Lineas by Ricardodaforce, on Flickr

And lastly, one I think I posted before. Today I found out it just won a competition! 




Casa Carbonell by Ricardodaforce, on Flickr


----------



## Ricardodaforce

El Toro Enfadado by Ricardodaforce, on Flickr




La Costa Blanca (y Negra) by Ricardodaforce, on Flickr




Don't Touch My Beer by Ricardodaforce, on Flickr




Creatures of the Devil by Ricardodaforce, on Flickr




Parada Holanda by Ricardodaforce, on Flickr


----------



## Breaux

Do you have a secret for getting such good contrast every time?  My attempts at B&W too often seem to come out in dull middle-grays.


----------



## tmartin2347

I love them all, nice shots.


----------



## Ricardodaforce

Breaux said:


> Do you have a secret for getting such good contrast every time?  My attempts at B&W too often seem to come out in dull middle-grays.



No secret, I just adjust it till I like the look!



tmartin2347 said:


> I love them all, nice shots.


 
Thank you, very kind.


----------



## Ricardodaforce

El Torero by Ricardodaforce, on Flickr


----------



## Ricardodaforce

Splendour by Ricardodaforce, on Flickr


----------



## Frequency

The clarity and quality of your images are unparalleled. I like all; i specially liked the flowers and the cats


----------



## Ricardodaforce

Frequency said:


> The clarity and quality of your images are unparalleled. I like all; i specially liked the flowers and the cats


 
Thank you so much.


----------



## Ricardodaforce

Derelict by Ricardodaforce, on Flickr


----------



## doziergraphic

oh I found something! lol - difficult to do with such excellent quality. The first thing I noticed was the pillars in pic three would look better straightened. Alone it's a Great shot, but since the GROUP is almost technically flawless, it stands out. My 2 cents - worth about half that!


----------



## Ricardodaforce

doziergraphic said:


> oh I found something! lol - difficult to do with such excellent quality. The first thing I noticed was the pillars in pic three would look better straightened. Alone it's a Great shot, but since the GROUP is almost technically flawless, it stands out. My 2 cents - worth about half that!


 
That's a very kind thing to say, thank you!
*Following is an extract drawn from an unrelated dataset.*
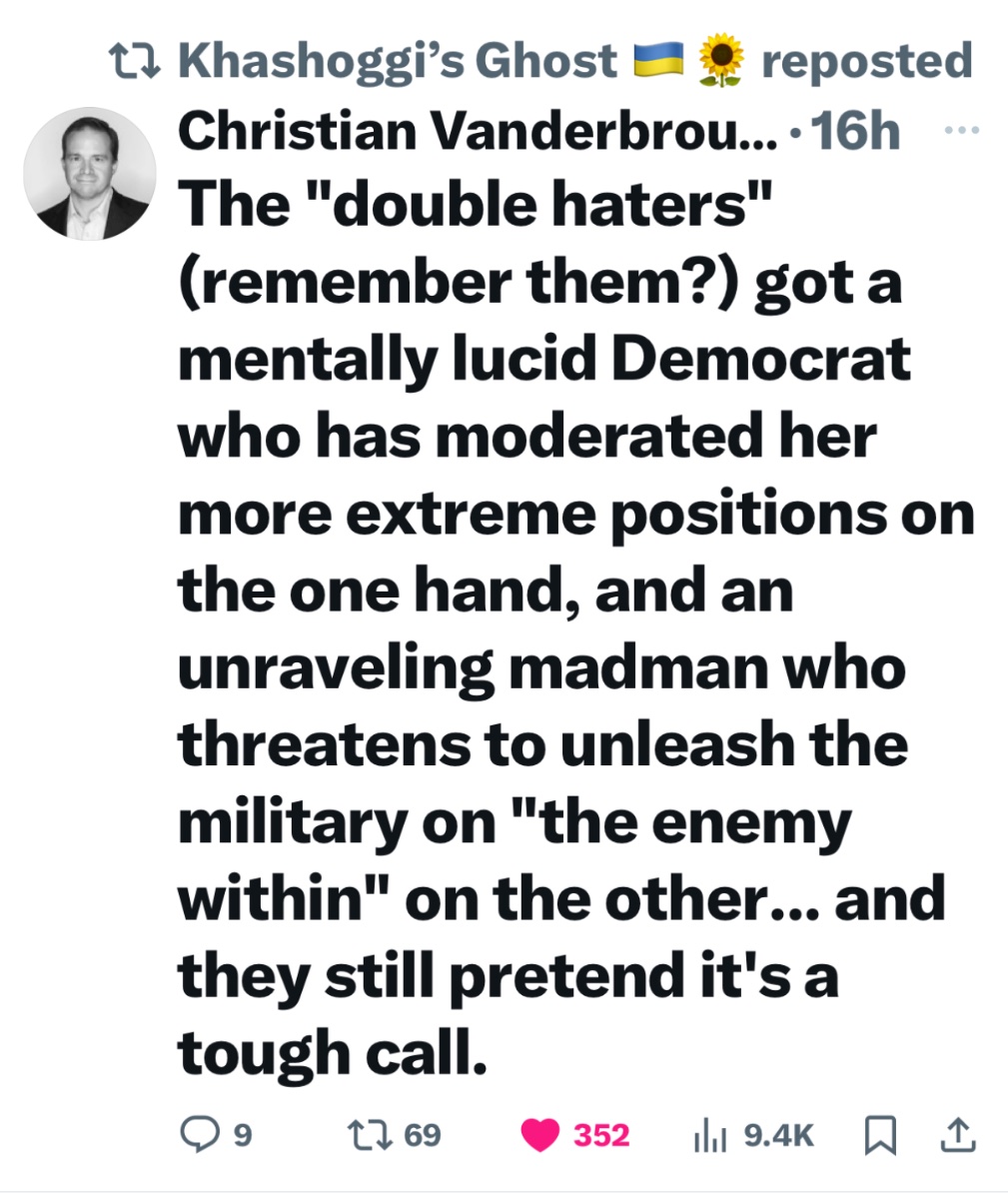 October 17, 20241 yr 2 hours ago, DEagle7 said: Ok be honest, how many of you actually watched the whole interview and how many of you are basing your impressions off of your twitter algorithm feeding you personalized 30 second clips? I'm watching it right now. Shipping her back California in a few weeks. Brett: Are they misguided, the 50%. Are they stupid? Harris: Oh God I would never say that about the American people..... There will be a commercial produced in 24 hours with her doing just that.

Stairway to Heaven? by Ricardodaforce, on Flickr


----------



## doziergraphic

inspiring. The first one was a good one to lead off with. I'd love to see it just after sundown in color with those street lights on.


----------



## Ricardodaforce

doziergraphic said:


> inspiring. The first one was a good one to lead off with. I'd love to see it just after sundown in color with those street lights on.


 
Thank you Sir! We'll I have been looking through what I have, and I have this one:




An Alicante Evening by Ricardodaforce, on Flickr


----------



## Ricardodaforce

Splash! by Ricardodaforce, on Flickr


----------



## Ricardodaforce

Veo Todo en Blanco y Negro by Ricardodaforce, on Flickr


----------



## Ricardodaforce

La Alcazaba by Ricardodaforce, on Flickr


----------



## Ricardodaforce

Reflections by Ricardodaforce, on Flickr


----------



## doziergraphic

Ricardodaforce said:


> doziergraphic said:
> 
> 
> 
> inspiring. The first one was a good one to lead off with. I'd love to see it just after sundown in color with those street lights on.
> 
> 
> 
> 
> Thank you Sir! We'll I have been looking through what I have, and I have this one:
> 
> 
> 
> 
> An Alicante Evening by Ricardodaforce, on Flickr
Click to expand...


I don't think it's near as effective in color. Great job on the BW conversion tho.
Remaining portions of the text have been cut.